Could you retype the lines below, starting at the line holding "O programa Mulheres Inovadoras está" and stopping at the line holding "交易策略:22165上方看涨,目标2234522419", inclusive? Copy them exactly and drop the images.

Records drawn from a dataset:
▼
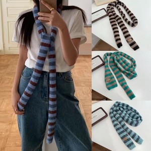 Cotton Decorative Neckerchief Black Grey Stripe Thin Scarf Fashion Streetwear
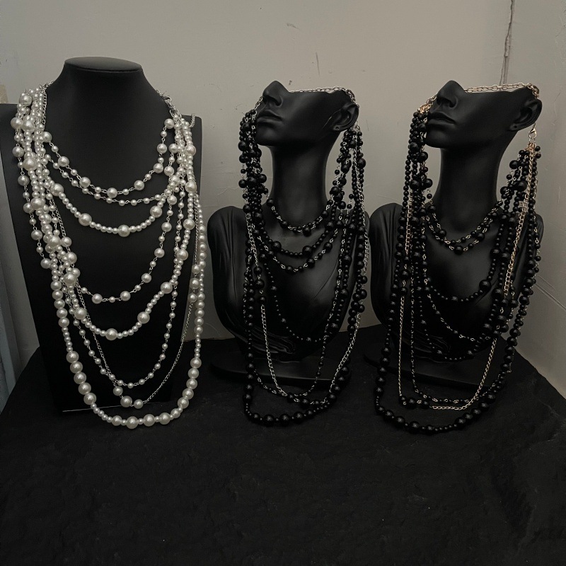 Unique Stylish Exaggerated Pearl Stacked Tassel Necklace Women's Niche Design Long Clavicle Chain High-End Necklace
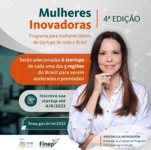 O programa Mulheres Inovadoras está de volta! A 4ª edição do Programa Mulheres Inovadoras foi lançada com o objetivo estimular startups lideradas por mulheres, de forma a contribuir para o aumento da representatividade feminina no cenário empreendedor nacional.Inscreva-se até o dia 4 de agosto.  →
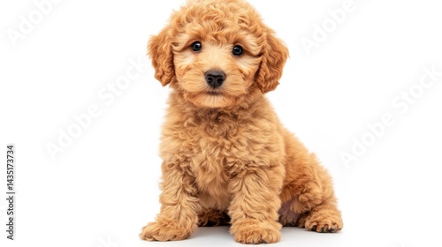 Adorable golden puppy sits against white background. Fluffy, small, and engaging
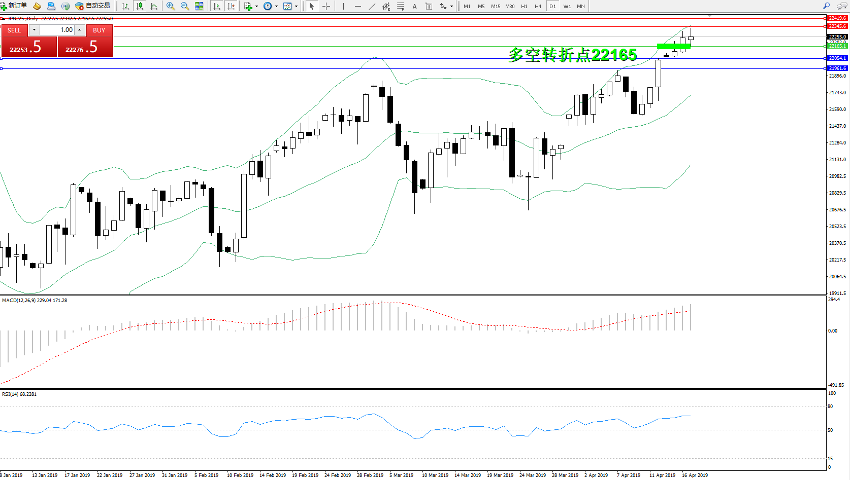 交易策略:22165上方看涨,目标2234522419
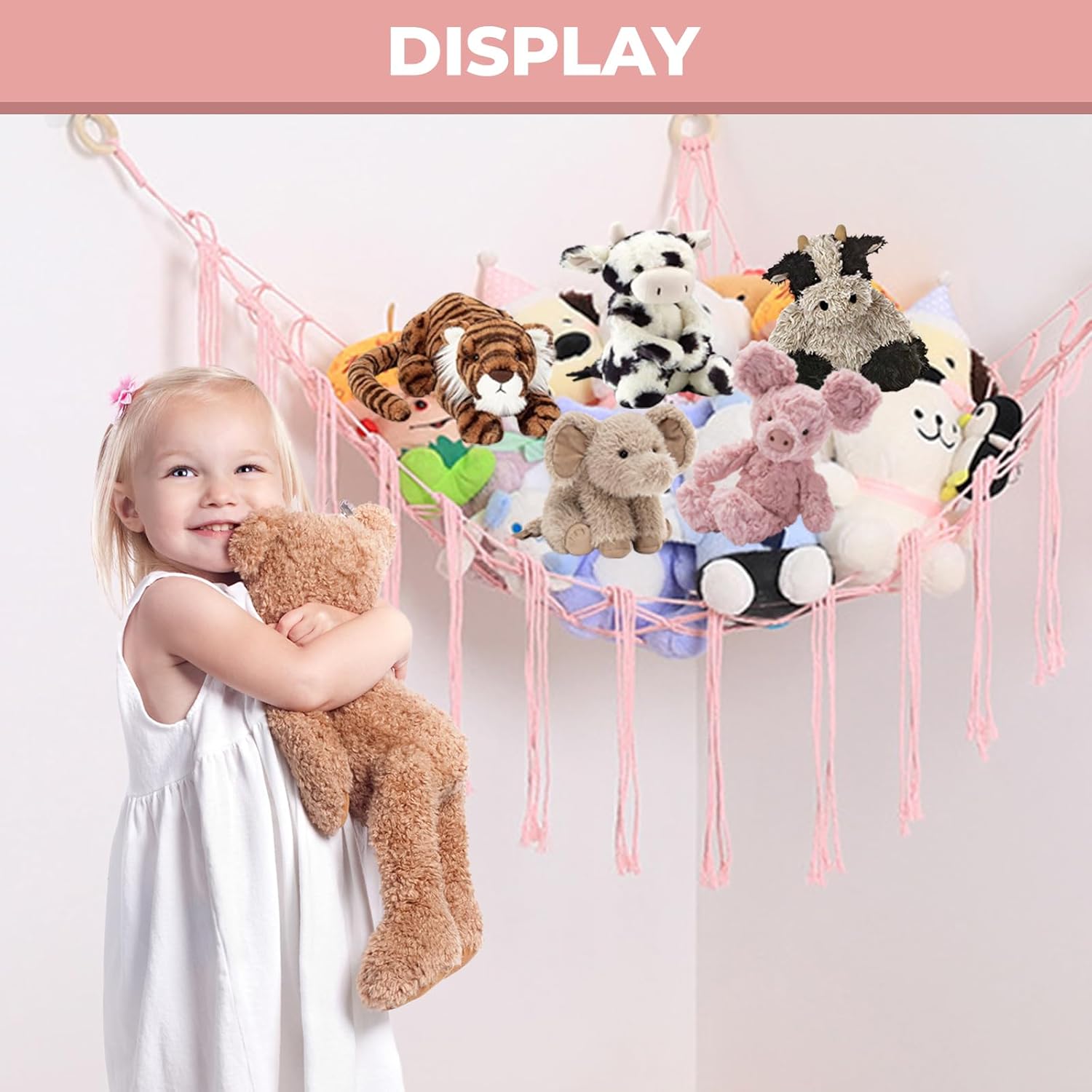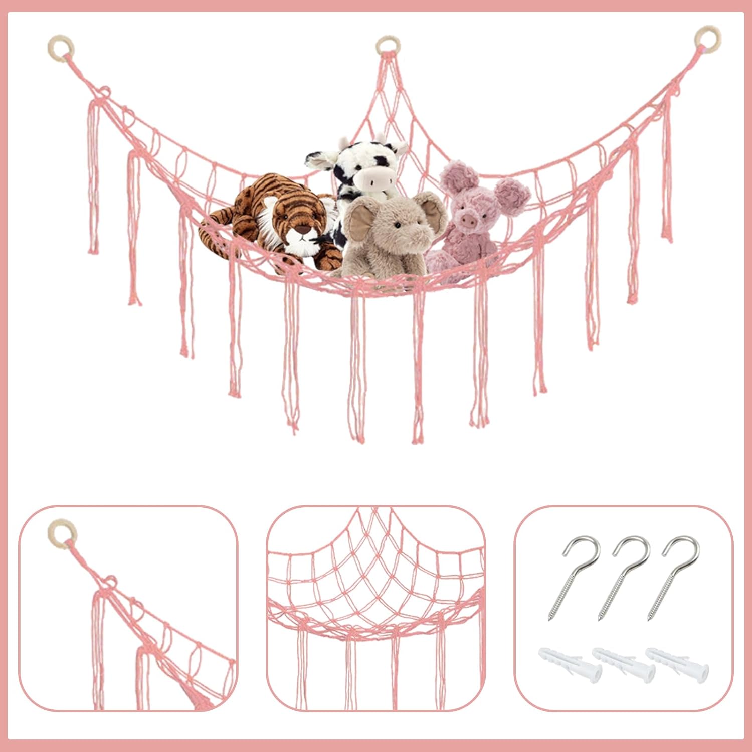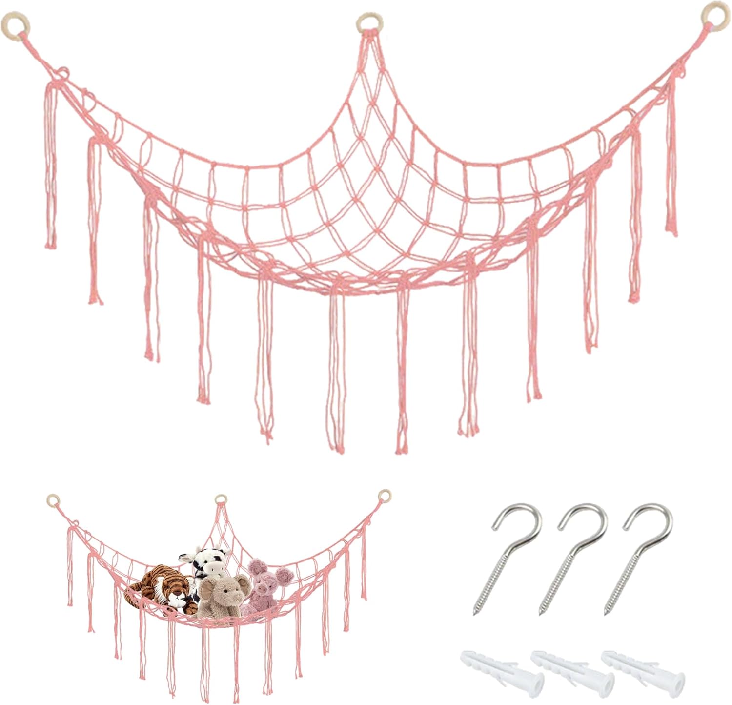 Soft Toy Storage Hammock Net, Stuffed Animals Organizer for Kids Bedroom, Nursery Decoration & Girls Room Accessories (Pink)
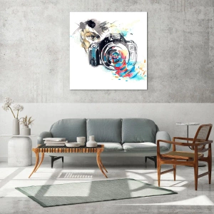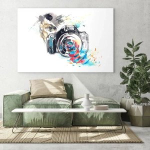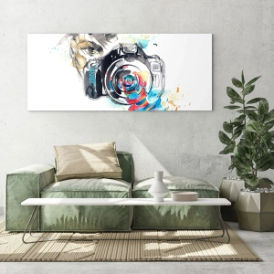 Impression sur verre - Image sur verre - Appareil photo aquarelle avec des détails colorés - 80x120cm - Dans l'oeil de l'objectif - Décoration murale moderne pour le salon et la chambre ARTTOR
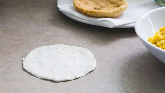 Step4Carefully fold fried biscuits in half to form taco shells; fill with chicken and corn mixture. If desired, top with additional taco toppings such as chopped fresh cilantro, shredded lettuce, diced tomatoes and sour cream. Serve immediately.
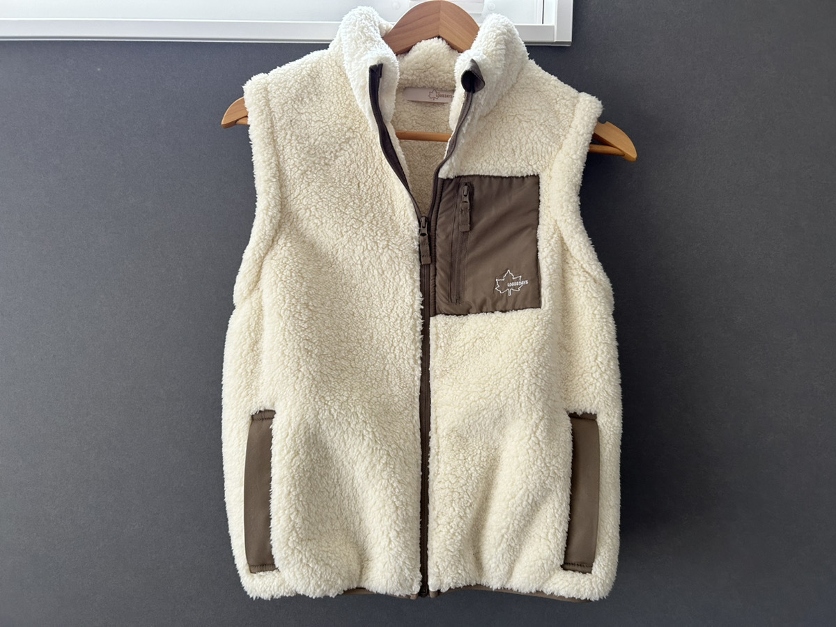 「LOGOS DAYS 防風ボアベスト」は、アウトドアブランド「LOGOS」としまむらのコラボレーションによるブランド「LOGOS DAYS」の商品で、羊のような見た目のかわいいボア素材を使用しています。
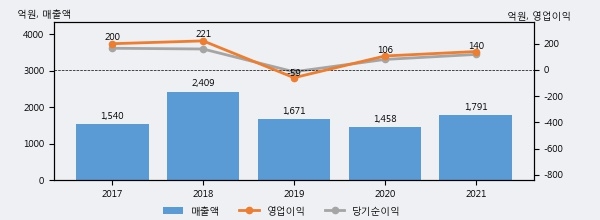 와이엠씨의 2021년 매출액은 1791억으로 전년대비 22.8% 상승했고, 영업이익 또한 140억으로 전년대비 32.1% 상승했다. 이 회사의 매출액 증감률과 영업이익 증감률은 각각 코스닥 상위 35%, 상위 44%에 해당된다.
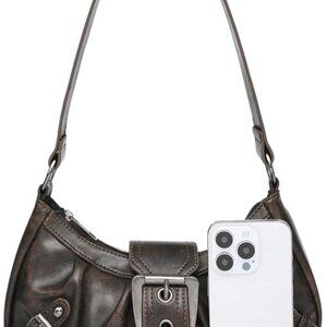 Features: Soft faux leather hobo bag with a vintage crescent shape, featuring adjustable straps, a buckle, and zipper closure. Spacious enough for your phone, mini wallet, cosmetics, keys, sunglasses, and more. Ideal for everyday carry or dressing up your outfit.
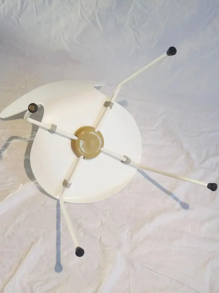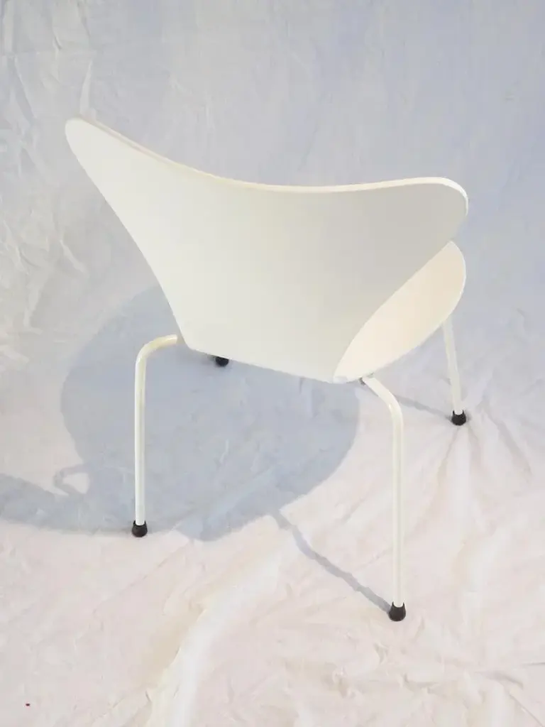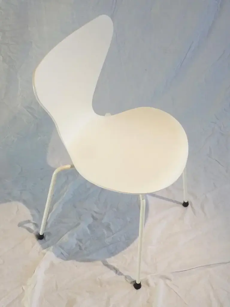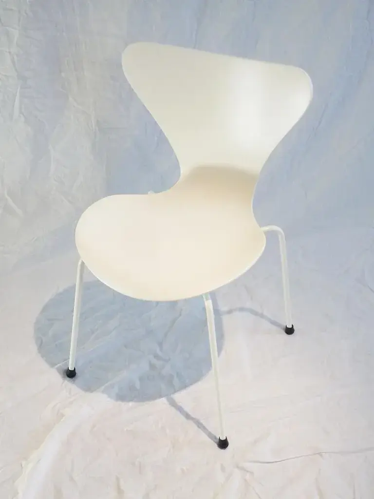 Chair Mod. 3107 created by Arne Jacobsen. FRITZ-HANSEN manufacturing. White epoxy lacquered steel structure. New rubber feet and seat bumper. White lacquered shell. Iconic chair of the 1950s. Stacking. 2 copies available in this finish. This piece has an attribution mark, I am sure that it is completely authentic and take full responsibility for any authenticity issues arising from misattribution
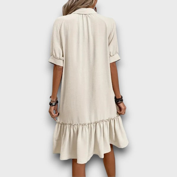•Μισομακριά μανίκια με ελαφριά φούστα και γιακά για κομψή αλλά άνετη εμφάνιση στην καθημερινότητά σας.
▲
Written response:
 O programa Mulheres Inovadoras está de volta! A 4ª edição do Programa Mulheres Inovadoras foi lançada com o objetivo estimular startups lideradas por mulheres, de forma a contribuir para o aumento da representatividade feminina no cenário empreendedor nacional.Inscreva-se até o dia 4 de agosto.  →
 Adorable golden puppy sits against white background. Fluffy, small, and engaging
 交易策略:22165上方看涨,目标2234522419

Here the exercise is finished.